§ TASK INSTRUCTIONS: Drop every image, then reproduce the data exactly as given.
*** Opening RECORDS ***
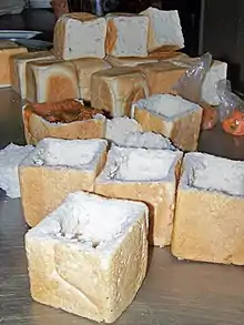 - (en) Cet article est partiellement ou en totalité issu de l’article de Wikipédia en anglais intitulé « Bunny chow » (voir la liste des auteurs).
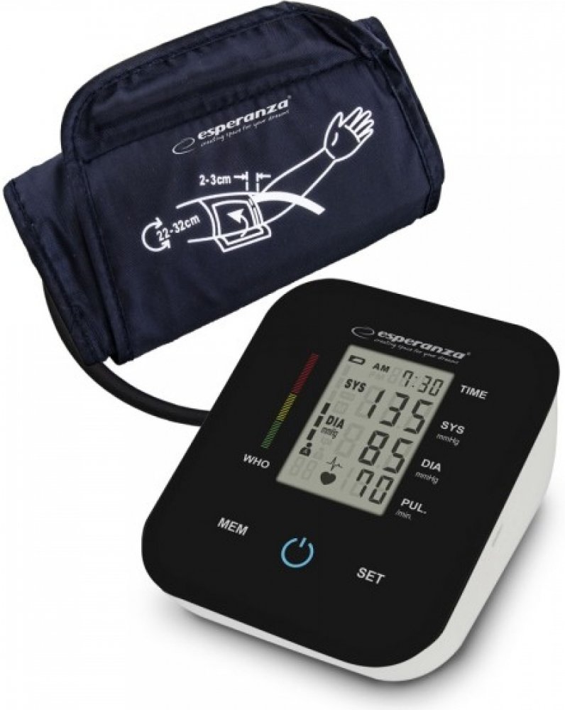 Tlakoměr na rameno LA LENATlakoměr Esperanza LA LENA je moderní lékařský přístroj určený pro rychlé, přesné a pohodlné měření krevního tlaku. Díky oscilometrické metodě měření a pokročilému tlakoparametrickému snímači poskytuje přesné výsledky, které podporují každodenní sledování zdravotního stavu. Intuitivní ovládání a paměť pro měření dvou uživatelů jsou ideálním řešením pro osoby starající se o své zdraví i pro celou rodinu.Technické údaje:Široký rozsah měřeníKompaktní a snadné použitíCelkový záznam až 198 měřeníVelikost LCD displeje: 35 x 50 mmVelikost tlakoměru: 96 x 115 x x 57 mmProvozní teplota: 5 ℃ až 40 ℃Provozní vlhkost: 15% až 80% RHSkladovací a přepravní teplota: -25 ℃ až 55 ℃Skladovací a přepravní vlhkost: 10% - 93% RHRozsah atmosferického tlaku: 80 kPa ~ 105 kPaMetoda měření: oscilometrickáSnímač tlaku: odporovýRozsah měření: DIA: 35-190 mmHg; SYS: 60-250 mmHgPulz: 40 až 180 za minutuRozsah zobrazení tlaku v manžetě: < 300 mmHgPaměť: automaticky uloží 99 měření pro 2 uživatele (celkem 198 měření)Rozlišení měření: 1 mmHgPřesnost: Tlak v rozmezí ± 3 mmHg/pulz ± 3 % odčtené hodnotyNapájení A: 4 x AAA baterie, 1,5 V (nejsou součástí balení)Zdroj napájení B: AC adaptér (není součástí balení): Vstup: 220-240V, 50/60Hz. Výstup: 5V DC 1AUSB kabel: Vstupní port typu C / výstupní port USB 80 cmManžeta: 22-32 cmAutomatické vypnutí: 180 sekund bez operace
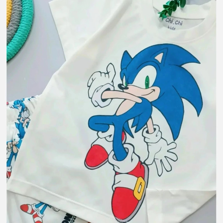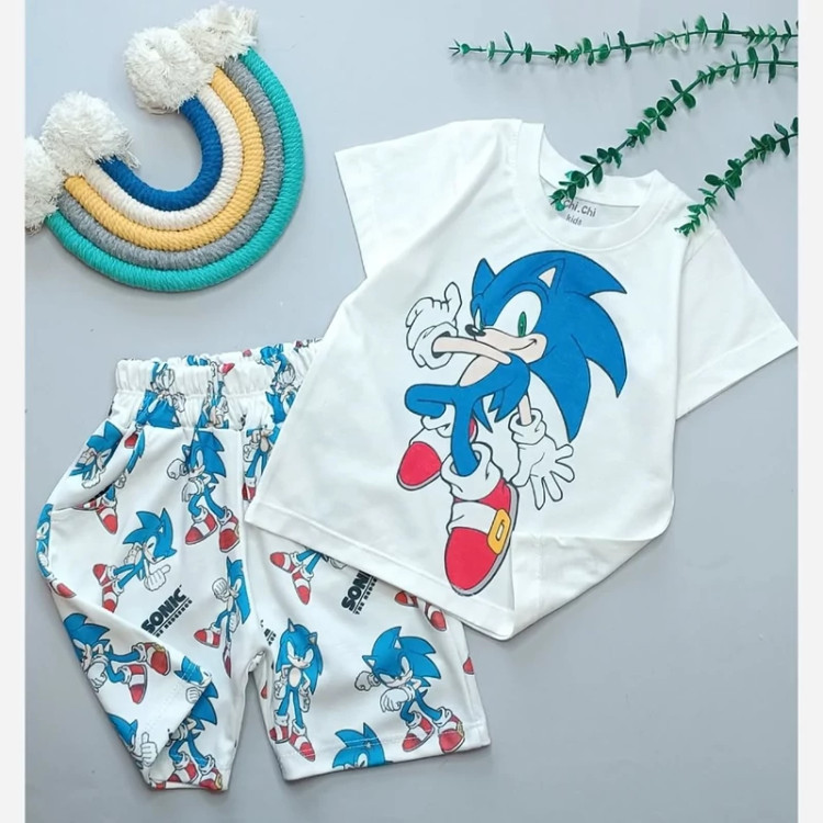 ست راحتی تیشرت شلوارک پسرانه سونیک جنس نخ پنبه درجه 1
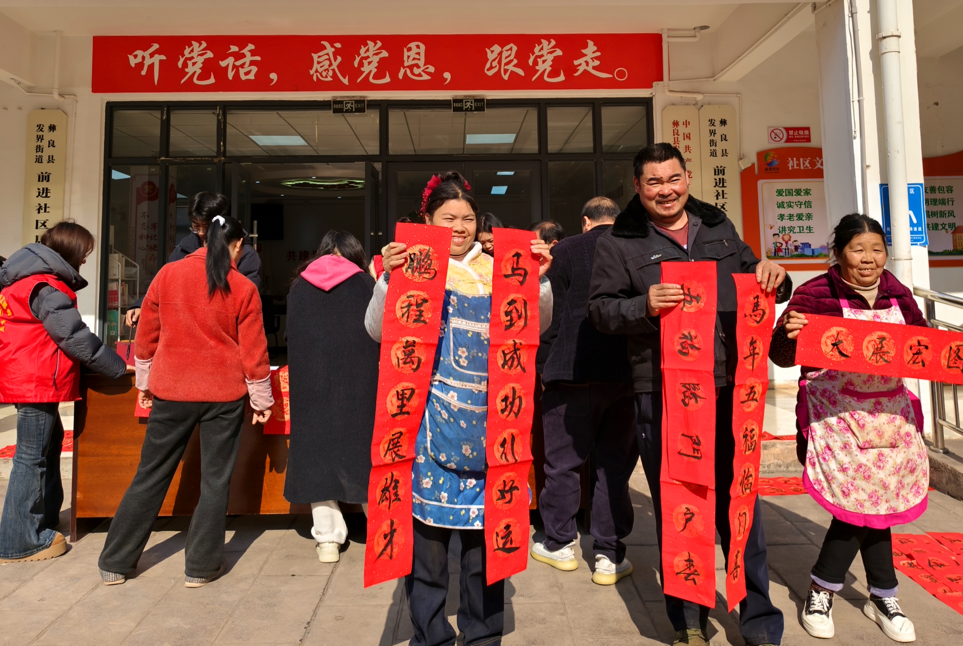 2月13日,彝良县发界街道前进社区以党建为引领,依托新时代文明实践站,在社区小广场开展“写春联 送祝福”活动,为辖区群众免费赠送春联,将新春的美好祝福送到群众家门口。
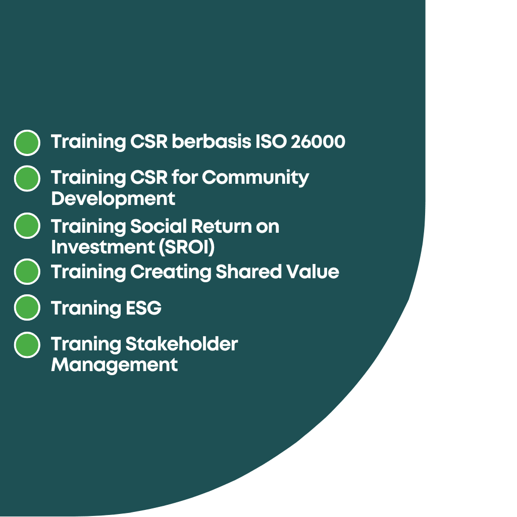 Kami menyediakan layanan pelatihan dan pengembangan yang komprehensif untuk membantu organisasi Anda mencapai tujuan keberlanjutan. Tim ahli kami dengan pengalaman luas dalam bidang CSR,ESG dan pelaporan keberlanjutan akan membekali Anda dengan pengetahuan dan keterampilan yang diperlukan untuk mengimplementasikan praktik bisnis yang berkelanjutan dan memberikan dampak positif bagi lingkungan dan masyarakat.
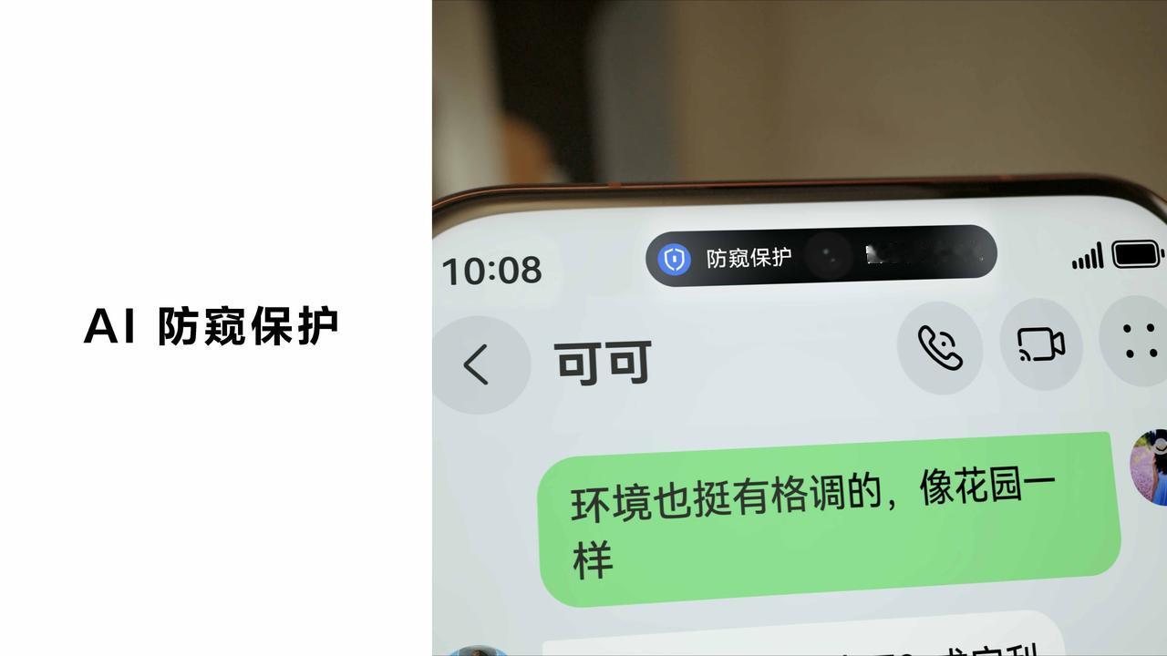 鸿蒙6全面构筑智能化的主动安全,鸿蒙加密分享支持仅可查看一次,加密分享不仅能限制查看对象,还可以设置让对方仅可查看一次,将分享数据的主动权掌握在用户手中。于和伟演绎鸿蒙隐私悬疑大片 中的AI防窥功能,可以实时识别他人注视,智能隐藏应用内容,让数据仅用户可见,带来更安全、更省心的体验。
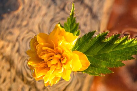 Macro shot of Kerria japonica Pleniflora flower isolated on water. Yellow Japanese rose close up .
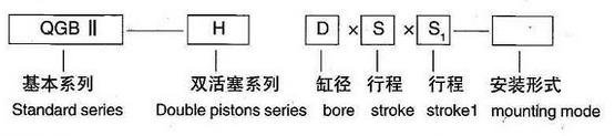 *本廠品是以兩臺QBG||系列相同缸徑的氣缸對接組合而成的雙活塞系列氣缸,兩活塞行程可以相同,也可不同;钊\(yùn)動方向相反。將一端活塞桿固定,可作為多為氣缸,用途多樣化。
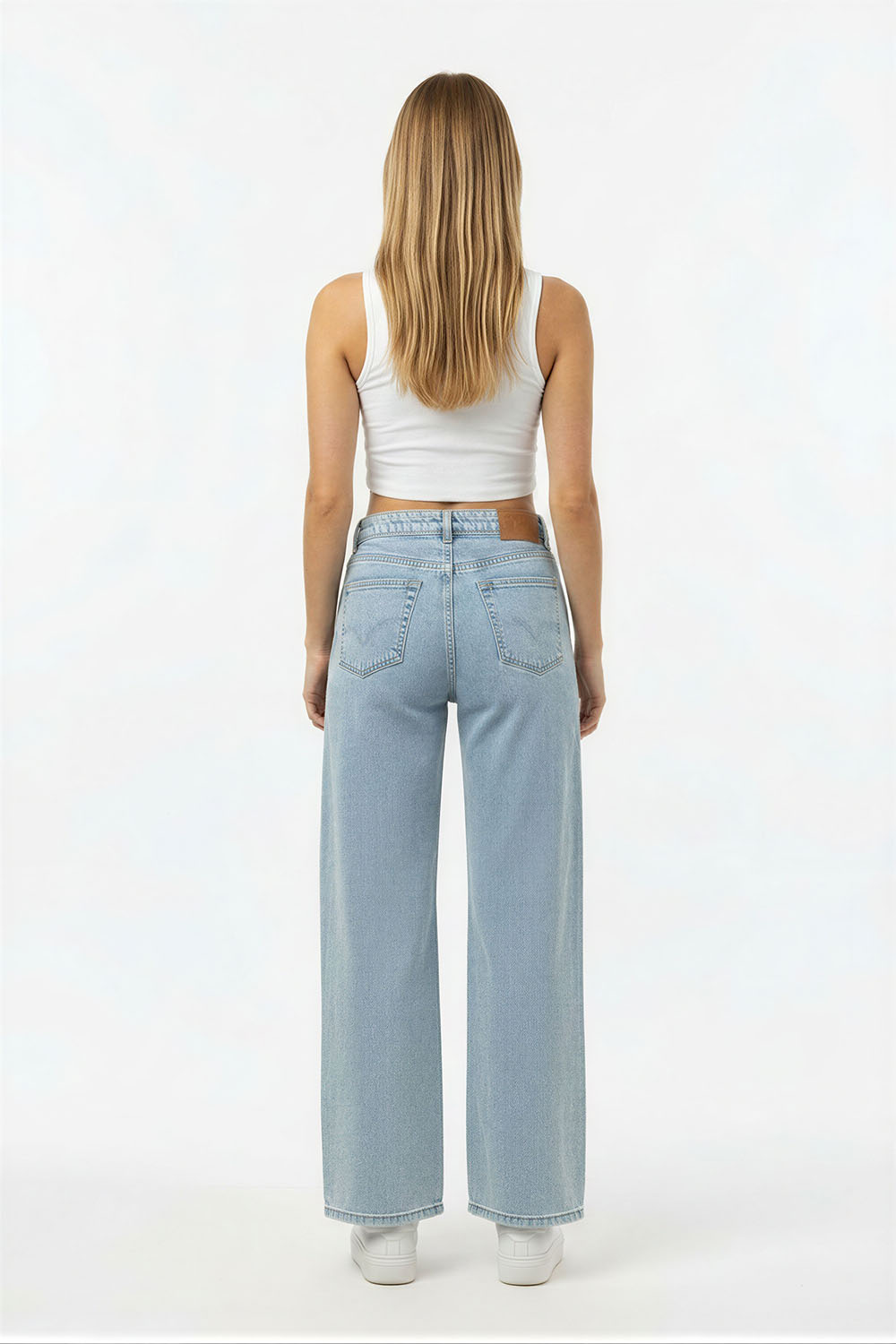 Jeans de tiro medio con cierre frontal y botón metálico, diseño wide leg con apertura gradual en pierna que aporta amplitud equilibrada, confección en mezclilla resistente con ligera elasticidad, estructura de cinco bolsas funcionales y presillas para cinturón, acabado deshilado en bajo que añade detalle actual al diseño
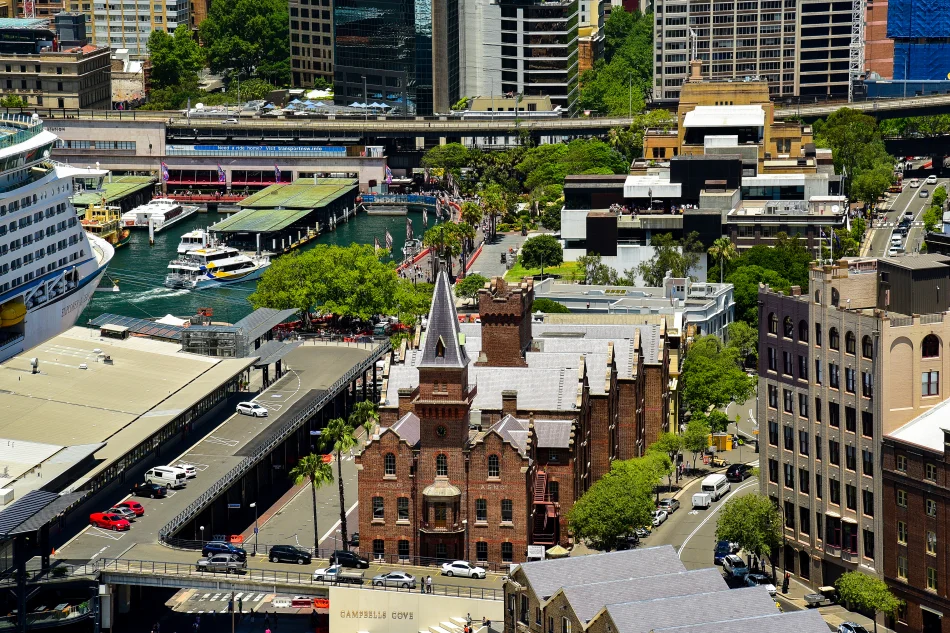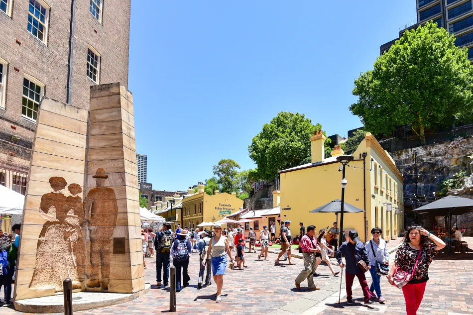 位於環形碼頭旁邊的岩石區(Rock Area)現在是雪梨必去景點跟市區開墾濫觴,在過去卻非常髒亂,充斥妓女跟買春的水手,在1870年之前是龍蛇雜處的地方。以前這區的主要建築材料是砂岩,所以被稱為岩石區。雪梨歷史建築保存不如澳洲文化之都–墨爾本,這邊算是最具懷舊復古氛圍的區域了。
*** Closing RECORDS ***
§ ANSWER BOX:
 - (en) Cet article est partiellement ou en totalité issu de l’article de Wikipédia en anglais intitulé « Bunny chow » (voir la liste des auteurs).
 Tlakoměr na rameno LA LENATlakoměr Esperanza LA LENA je moderní lékařský přístroj určený pro rychlé, přesné a pohodlné měření krevního tlaku. Díky oscilometrické metodě měření a pokročilému tlakoparametrickému snímači poskytuje přesné výsledky, které podporují každodenní sledování zdravotního stavu. Intuitivní ovládání a paměť pro měření dvou uživatelů jsou ideálním řešením pro osoby starající se o své zdraví i pro celou rodinu.Technické údaje:Široký rozsah měřeníKompaktní a snadné použitíCelkový záznam až 198 měřeníVelikost LCD displeje: 35 x 50 mmVelikost tlakoměru: 96 x 115 x x 57 mmProvozní teplota: 5 ℃ až 40 ℃Provozní vlhkost: 15% až 80% RHSkladovací a přepravní teplota: -25 ℃ až 55 ℃Skladovací a přepravní vlhkost: 10% - 93% RHRozsah atmosferického tlaku: 80 kPa ~ 105 kPaMetoda měření: oscilometrickáSnímač tlaku: odporovýRozsah měření: DIA: 35-190 mmHg; SYS: 60-250 mmHgPulz: 40 až 180 za minutuRozsah zobrazení tlaku v manžetě: < 300 mmHgPaměť: automaticky uloží 99 měření pro 2 uživatele (celkem 198 měření)Rozlišení měření: 1 mmHgPřesnost: Tlak v rozmezí ± 3 mmHg/pulz ± 3 % odčtené hodnotyNapájení A: 4 x AAA baterie, 1,5 V (nejsou součástí balení)Zdroj napájení B: AC adaptér (není součástí balení): Vstup: 220-240V, 50/60Hz. Výstup: 5V DC 1AUSB kabel: Vstupní port typu C / výstupní port USB 80 cmManžeta: 22-32 cmAutomatické vypnutí: 180 sekund bez operace
 ست راحتی تیشرت شلوارک پسرانه سونیک جنس نخ پنبه درجه 1
 2月13日,彝良县发界街道前进社区以党建为引领,依托新时代文明实践站,在社区小广场开展“写春联 送祝福”活动,为辖区群众免费赠送春联,将新春的美好祝福送到群众家门口。
 Kami menyediakan layanan pelatihan dan pengembangan yang komprehensif untuk membantu organisasi Anda mencapai tujuan keberlanjutan. Tim ahli kami dengan pengalaman luas dalam bidang CSR,ESG dan pelaporan keberlanjutan akan membekali Anda dengan pengetahuan dan keterampilan yang diperlukan untuk mengimplementasikan praktik bisnis yang berkelanjutan dan memberikan dampak positif bagi lingkungan dan masyarakat.
 鸿蒙6全面构筑智能化的主动安全,鸿蒙加密分享支持仅可查看一次,加密分享不仅能限制查看对象,还可以设置让对方仅可查看一次,将分享数据的主动权掌握在用户手中。于和伟演绎鸿蒙隐私悬疑大片 中的AI防窥功能,可以实时识别他人注视,智能隐藏应用内容,让数据仅用户可见,带来更安全、更省心的体验。
 Macro shot of Kerria japonica Pleniflora flower isolated on water. Yellow Japanese rose close up .
 *本廠品是以兩臺QBG||系列相同缸徑的氣缸對接組合而成的雙活塞系列氣缸,兩活塞行程可以相同,也可不同;钊\(yùn)動方向相反。將一端活塞桿固定,可作為多為氣缸,用途多樣化。
 Jeans de tiro medio con cierre frontal y botón metálico, diseño wide leg con apertura gradual en pierna que aporta amplitud equilibrada, confección en mezclilla resistente con ligera elasticidad, estructura de cinco bolsas funcionales y presillas para cinturón, acabado deshilado en bajo que añade detalle actual al diseño
 位於環形碼頭旁邊的岩石區(Rock Area)現在是雪梨必去景點跟市區開墾濫觴,在過去卻非常髒亂,充斥妓女跟買春的水手,在1870年之前是龍蛇雜處的地方。以前這區的主要建築材料是砂岩,所以被稱為岩石區。雪梨歷史建築保存不如澳洲文化之都–墨爾本,這邊算是最具懷舊復古氛圍的區域了。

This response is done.